[RECORDED INFORMATION — start]
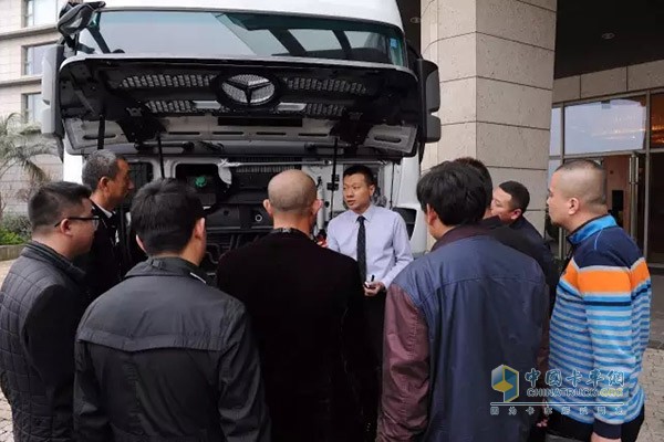 彭杰先生為與會(huì)嘉賓做車輛講解,此次展車為快運(yùn)新星Actros 2646 6×4
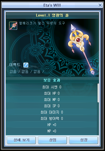 • HP/MP/SP 증가
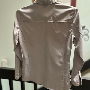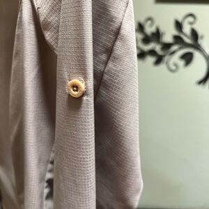 Stylish gray button-up shirt with long sleeves. Features a classic collar and button details. Excellent condition from a smoke free home. Length 25”, pit to pit 19”
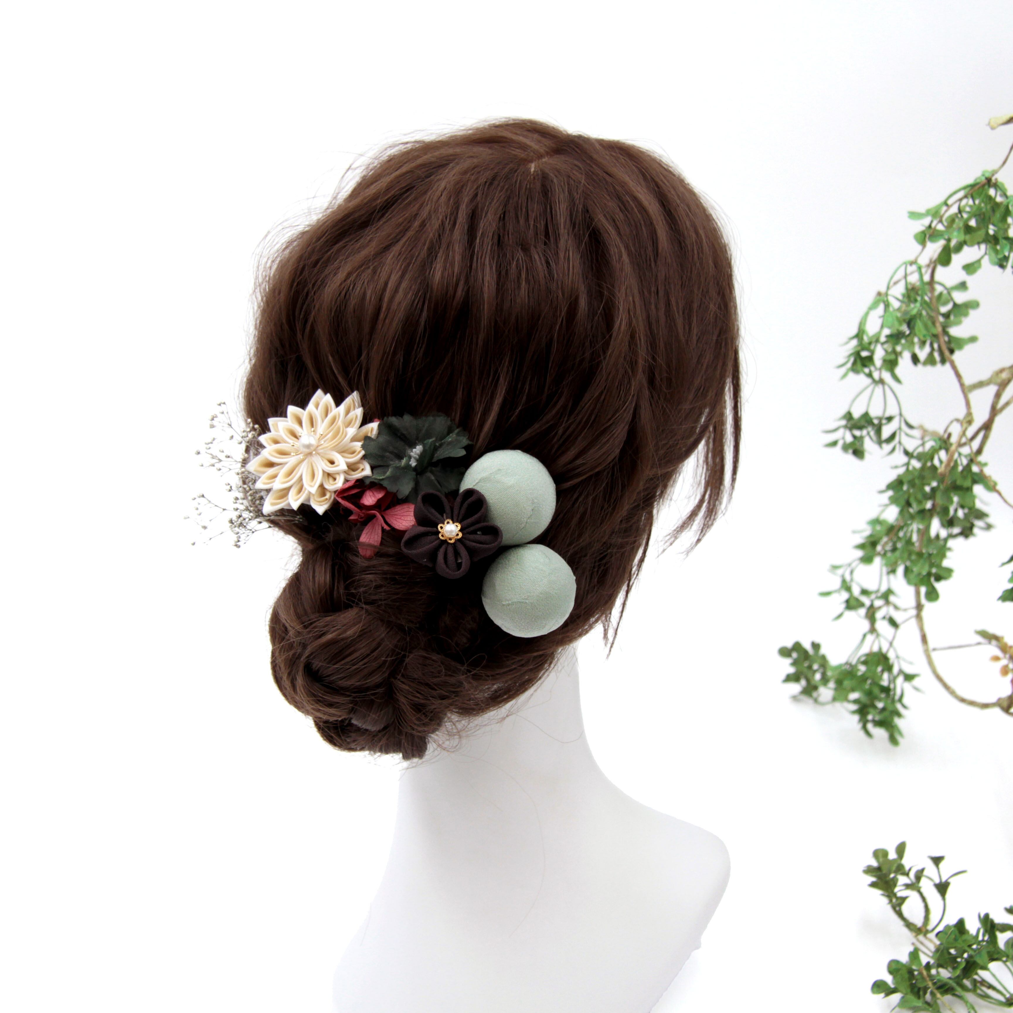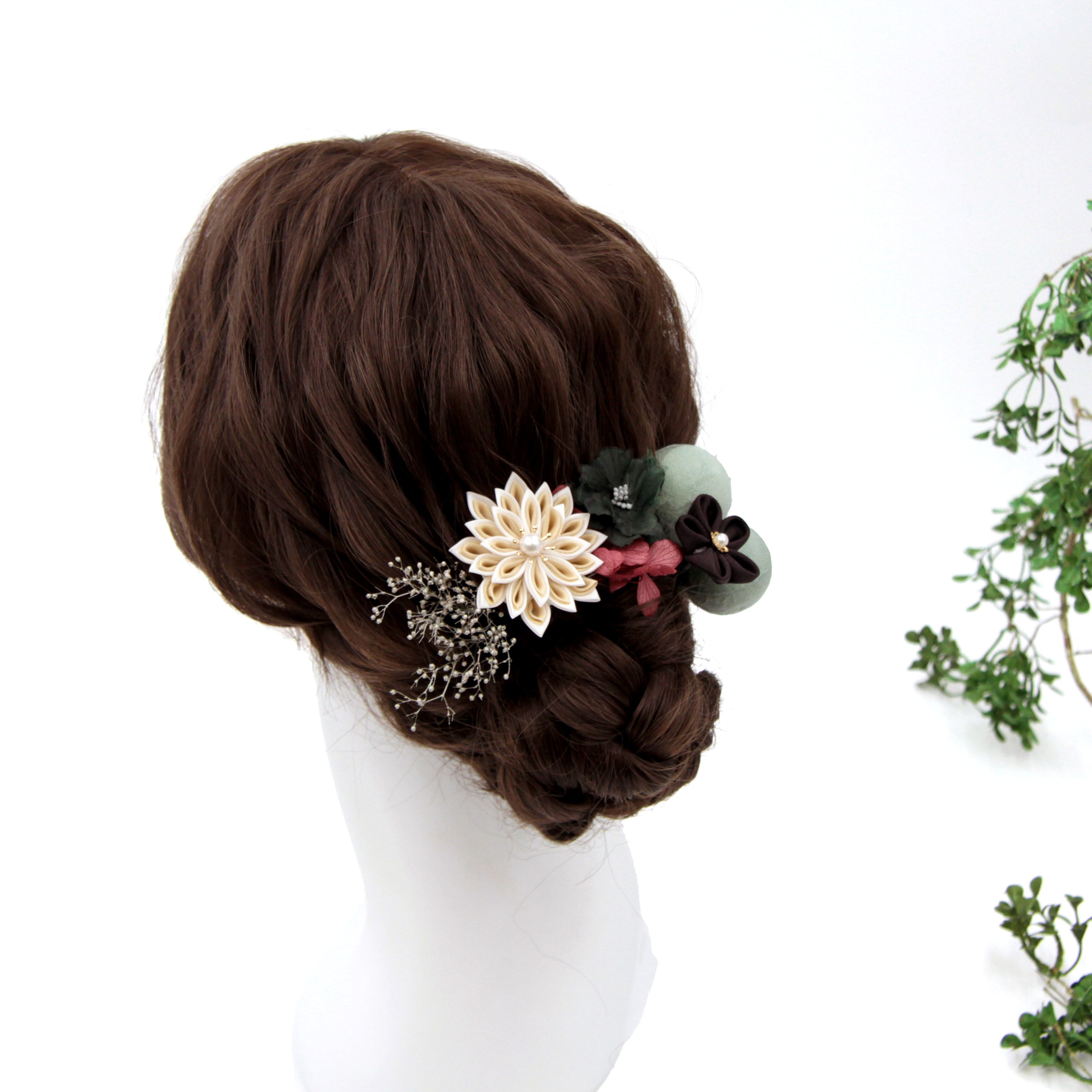 ハンドメイドの剣つまみやつまみ細工を使用した、オリジナル髪飾りです。
[RECORDED INFORMATION — finish]
Transcribe, without alteration, each line from the one with "Stylish gray button-up" through the last line of the data; no pictures belong in the copy.

 Stylish gray button-up shirt with long sleeves. Features a classic collar and button details. Excellent condition from a smoke free home. Length 25”, pit to pit 19”
 ハンドメイドの剣つまみやつまみ細工を使用した、オリジナル髪飾りです。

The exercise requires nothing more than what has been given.